**DATASET RECORDS**
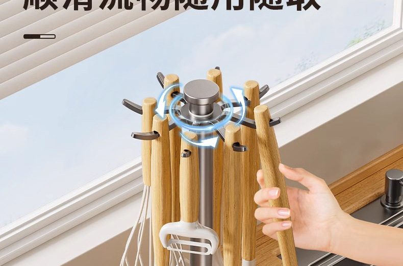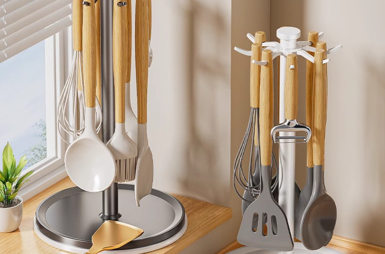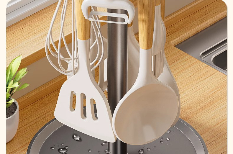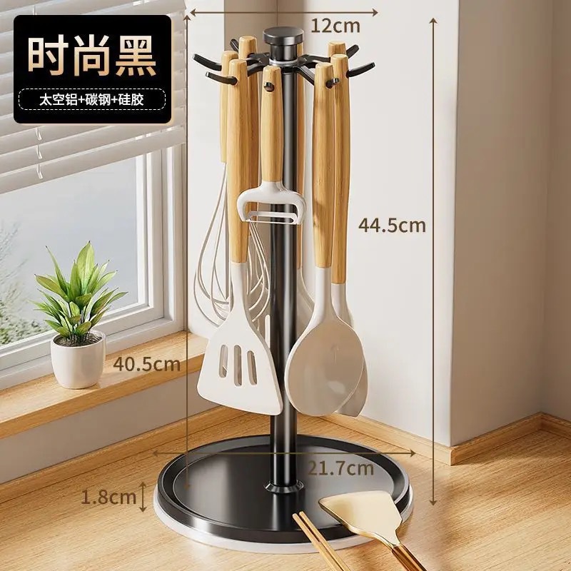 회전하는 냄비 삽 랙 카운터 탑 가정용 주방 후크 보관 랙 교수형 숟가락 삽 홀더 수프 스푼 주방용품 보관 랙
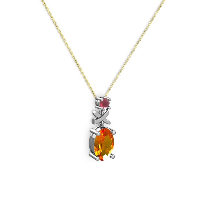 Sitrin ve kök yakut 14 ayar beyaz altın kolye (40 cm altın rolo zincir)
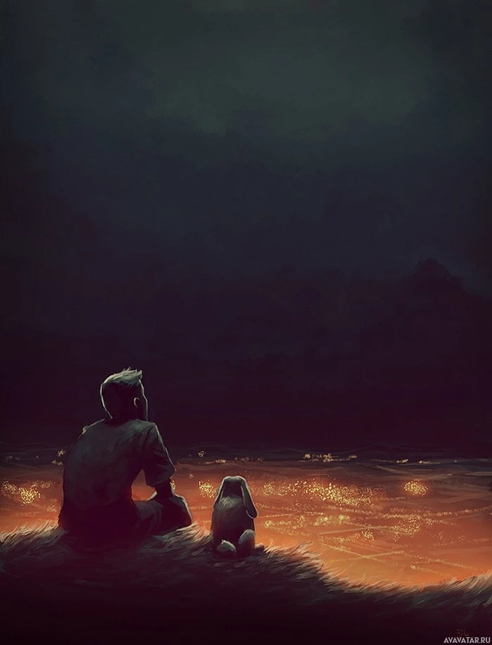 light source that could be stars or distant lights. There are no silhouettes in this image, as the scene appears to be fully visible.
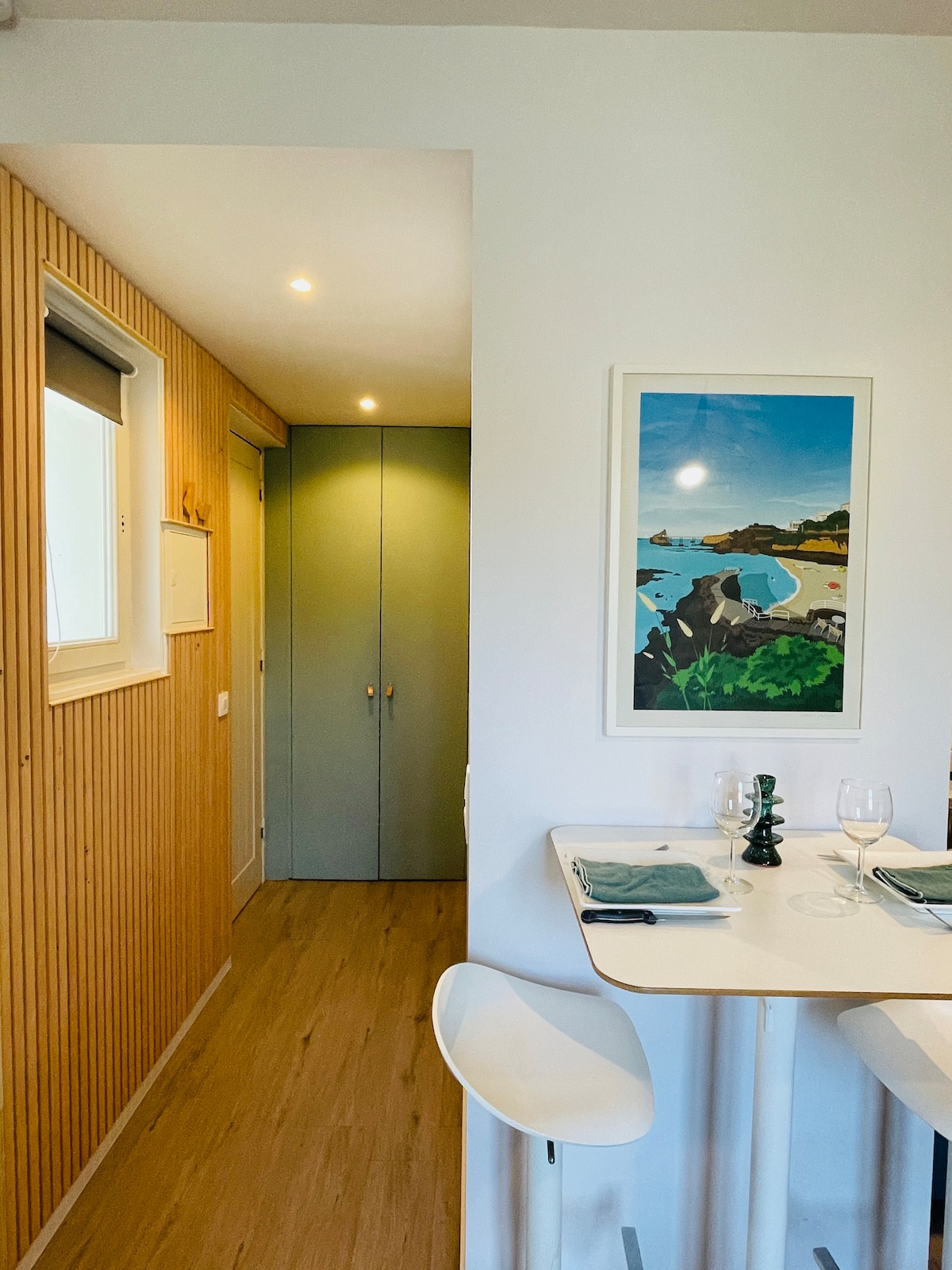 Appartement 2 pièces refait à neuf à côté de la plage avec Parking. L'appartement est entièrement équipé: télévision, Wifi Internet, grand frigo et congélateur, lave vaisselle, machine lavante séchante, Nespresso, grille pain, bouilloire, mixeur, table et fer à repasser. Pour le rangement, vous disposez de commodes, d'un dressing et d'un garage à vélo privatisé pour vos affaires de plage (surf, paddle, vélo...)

...

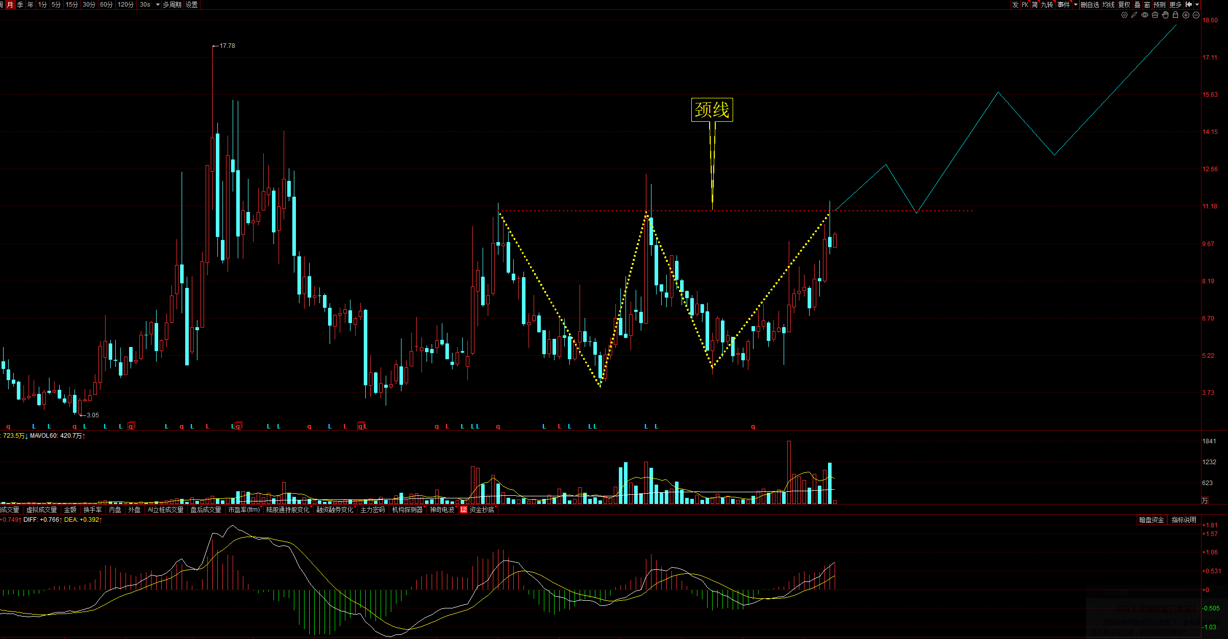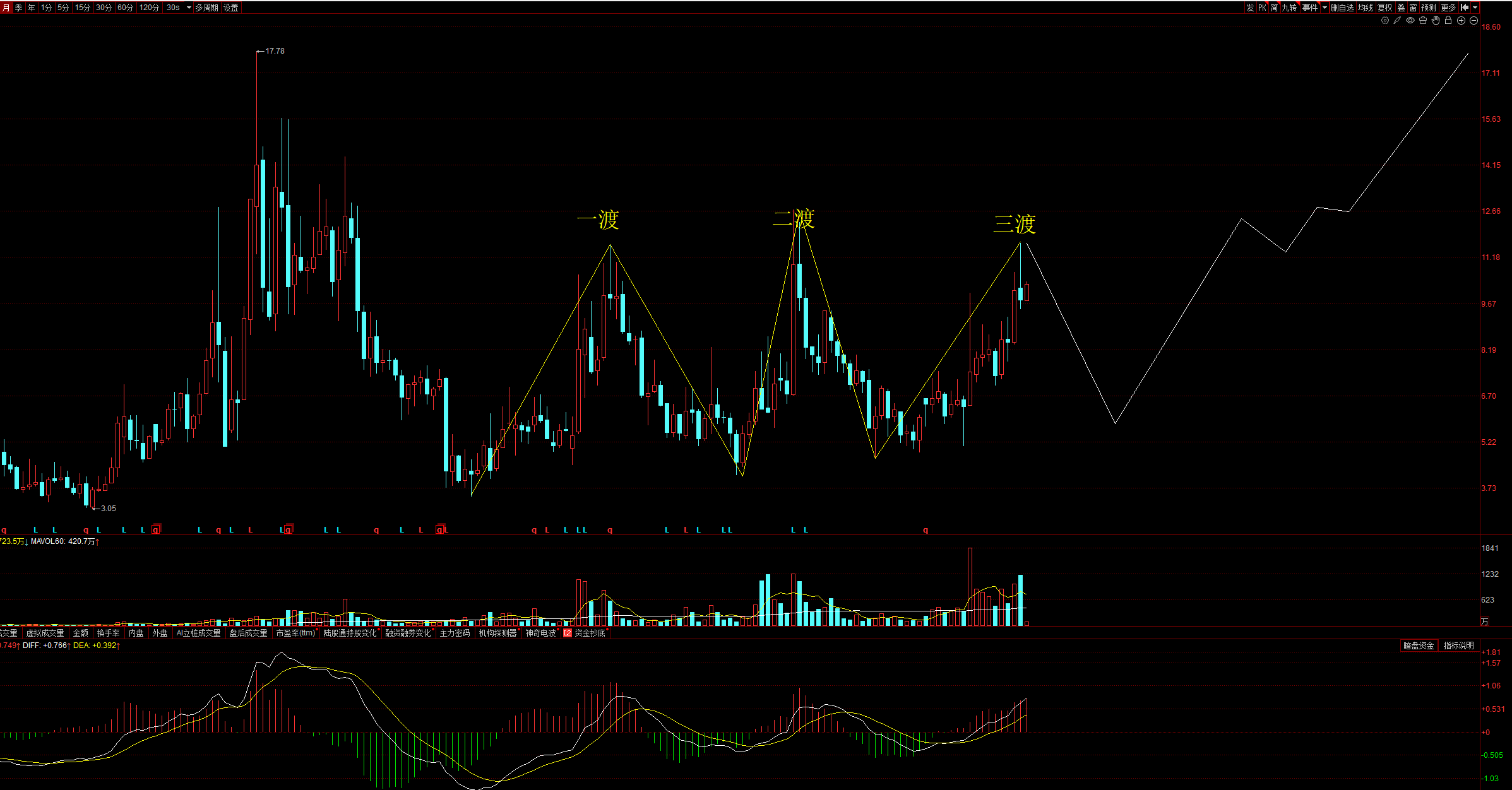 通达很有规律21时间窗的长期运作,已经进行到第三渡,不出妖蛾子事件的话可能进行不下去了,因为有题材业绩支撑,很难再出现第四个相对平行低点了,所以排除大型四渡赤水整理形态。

**THE PROBLEM**
Reproduce the listing above from the line that holds "회전하는 냄비 삽 랙" through the line that holds "Appartement 2 pièces", both included, with the pictures left out.

**YOUR RESPONSE**
 회전하는 냄비 삽 랙 카운터 탑 가정용 주방 후크 보관 랙 교수형 숟가락 삽 홀더 수프 스푼 주방용품 보관 랙
 Sitrin ve kök yakut 14 ayar beyaz altın kolye (40 cm altın rolo zincir)
 light source that could be stars or distant lights. There are no silhouettes in this image, as the scene appears to be fully visible.
 Appartement 2 pièces refait à neuf à côté de la plage avec Parking. L'appartement est entièrement équipé: télévision, Wifi Internet, grand frigo et congélateur, lave vaisselle, machine lavante séchante, Nespresso, grille pain, bouilloire, mixeur, table et fer à repasser. Pour le rangement, vous disposez de commodes, d'un dressing et d'un garage à vélo privatisé pour vos affaires de plage (surf, paddle, vélo...)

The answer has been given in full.